Colon and Sphincter reconstruction

The criteria for colorectal surgery will depend primarily on the reason you are having the surgery. A surgeon will order certain tests to medically assess your condition before resorting to surgery, and may then want to know that you are healthy enough to tolerate the surgery and the recovery it entails.

In severe cases, a surgeon may determine that it may not be worth the possible treatment due to the high risks of extensive colorectal surgery. In cases where the risk is not too high, surgery may be recommended.

Sphincterotomy, also called lateral internal sphincterotomy, is a type of procedure used to cut the anal sphincter and sphincter repair is an area with very few specialists. The anal sphincter is the group of muscles attached to the rectum at the end of the digestive tract where bowel movements pass.

This surgery is done when an anal fissure (a crack in the skin of the anus) has not healed after other treatments have been tried. Fissures can bleed and be painful and in some cases take time to heal.

In most cases, fissures can be healed at home, sometimes even without treatment. However, if healing takes too long, surgery may be considered. Sphincterotomy is considered the gold standard in the treatment of chronic anal fissures and the success rate is generally reported to be about 95% or more, depending on the study.

Recurrence of a fissure after a sphincterotomy is rare and most patients are satisfied with the results of the procedure.

Brain neurosurgery

The term “brain surgery” refers to a variety of medical procedures that involve repairing structural problems in the brain.

Today, many types of brain surgery are used. The type used depends on the area of the brain and the condition being treated. Advances in medical technology allow surgeons to operate on parts of the brain without a single incision in or near the head.

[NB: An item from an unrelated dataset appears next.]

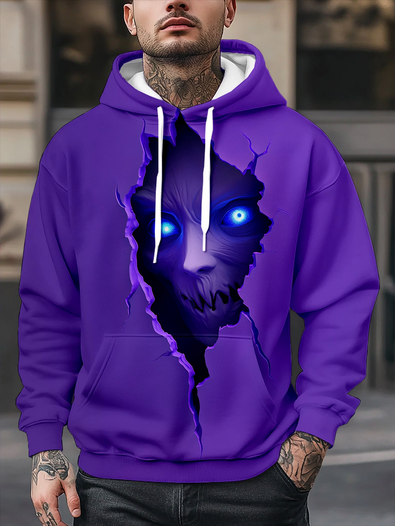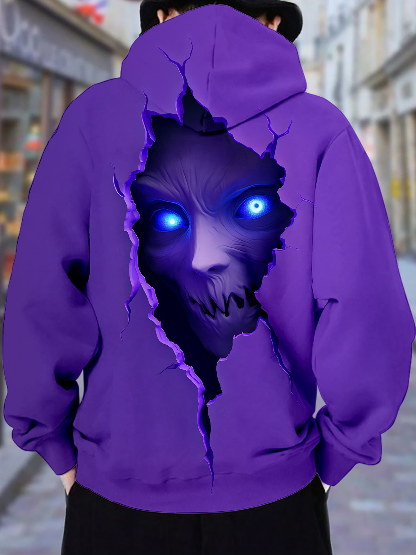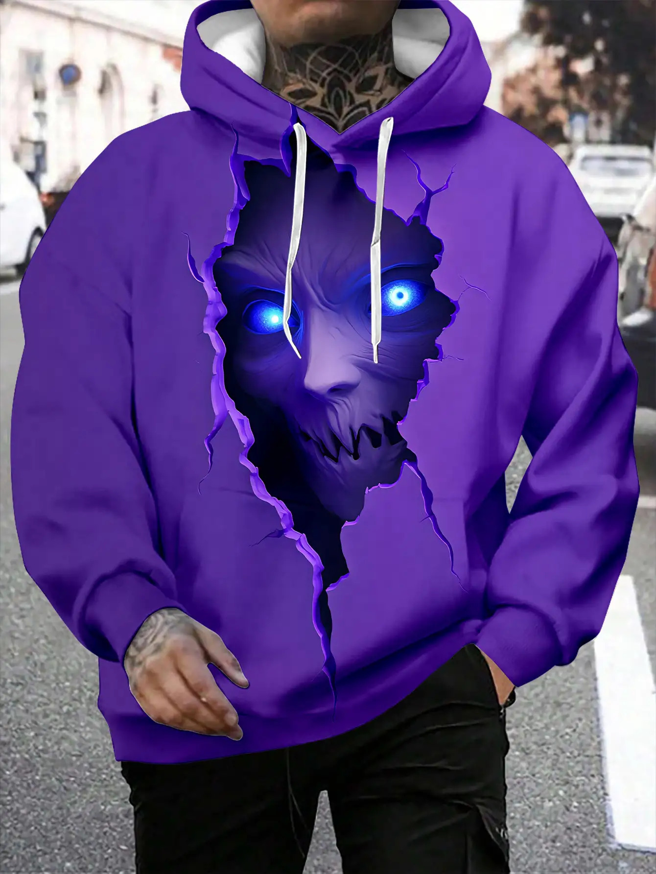 Men’s 3D Printed Sweatshirt with 3D Face Tear-Through Illusion & Glowing Blue Eyes – Purple & Black Gothic Streetwear Pullover, Long Sleeve Casual Hoodie, Machine Washable for Gaming & Casual Attire, PLUS SIZE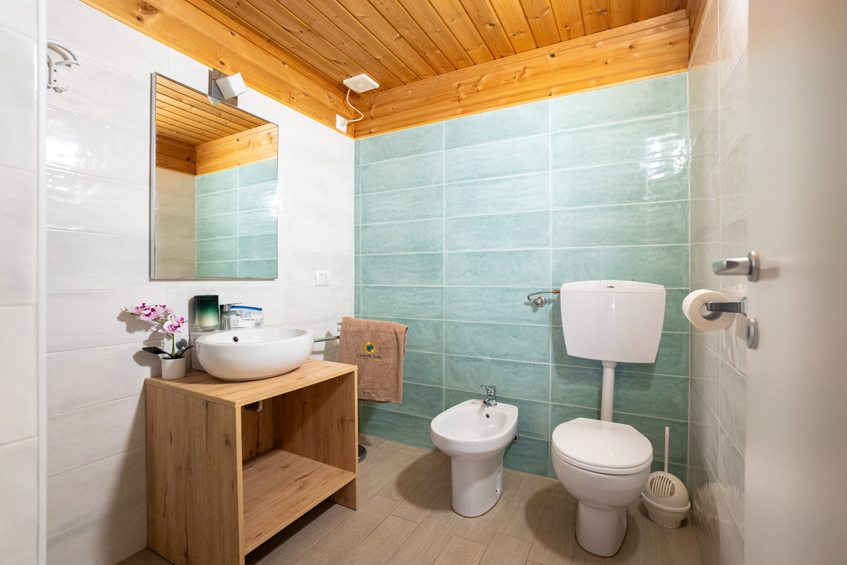 30 m² - spálňa s manželskou posteľou, spálňa s 1 samostatným lôžkom a poschodovou posteľou, obytná časť s kuchynským kútom, sociálne zariadenie so sprchou, čiastočne krytá drevená terasa

Brain surgery is a complicated operation. The type of brain surgery performed depends mainly on the problem being treated. For example, a brain aneurysm can be treated using a catheter inserted into an artery in the groin. If the aneurysm is ruptured, then an open operation called a craniotomy can be performed. Neurosurgeons are highly qualified and treat each operation on a case-by-case basis.

Neurosurgery is performed to correct physical abnormalities in the brain. These can be caused by birth defects, disease, injury or other problems.

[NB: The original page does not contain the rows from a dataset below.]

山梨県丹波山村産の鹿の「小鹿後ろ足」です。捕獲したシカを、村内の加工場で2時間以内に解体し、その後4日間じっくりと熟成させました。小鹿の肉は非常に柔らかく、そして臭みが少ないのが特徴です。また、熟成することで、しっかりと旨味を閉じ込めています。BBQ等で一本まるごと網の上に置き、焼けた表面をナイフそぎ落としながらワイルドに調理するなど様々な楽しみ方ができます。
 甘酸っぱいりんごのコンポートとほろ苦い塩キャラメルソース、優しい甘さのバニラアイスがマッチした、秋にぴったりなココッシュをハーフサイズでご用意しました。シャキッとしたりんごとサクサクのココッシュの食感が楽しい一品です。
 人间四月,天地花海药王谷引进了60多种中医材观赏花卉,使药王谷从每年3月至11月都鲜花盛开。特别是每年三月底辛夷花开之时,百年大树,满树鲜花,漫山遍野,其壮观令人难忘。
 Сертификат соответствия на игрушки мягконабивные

You may need brain surgery if you see any of the following conditions in or around the brain:

  • Abnormal blood vessels
  • Aneurysm
  • Bleeding
  • Blood clots
  • Damage to the protective tissue called “dura”
  • Epilepsy
  • Abscesses
  • Nerve damage or nerve irritation
  • Parkinson’s disease
  • Pressure after head trauma
  • Skull fracture
  • Stroke
  • Brain tumor
  • Fluid accumulation in the brain

Not all of these conditions require brain surgery, but many may require surgery, especially if they pose a risk for more serious health problems. For example, a brain aneurysm does not require open brain surgery, but if the vessel ruptures then open surgery may be required.

Physical Therapy and Rehabilitation

Physical rehabilitation is the process an injured or deconditioned person undergoes to restore physical functioning.

Physical rehabilitation can be a long process that begins while a person is still in the hospital after an injury or surgery and continues in a skilled nursing facility, home therapy, outpatient and other settings.

If you have broken your wrist and so have been in a cast for months, you may need physical therapy to regain the strength in your wrist.

This rehabilitation will help you with many everyday tasks such as preparing meals, bathing, working, etc. Most likely, you will receive rehabilitation treatment from a certified hand therapist who is an occupational therapist or physiotherapist with relevant training.

A stroke survivor may start physical therapy to improve their balance, regain strength and movement in a particular part of their body, eat on their own or drive a car again. To achieve these and similar goals, the stroke survivor will work with relevant specialists such as a physiotherapist, occupational therapist and speech therapist.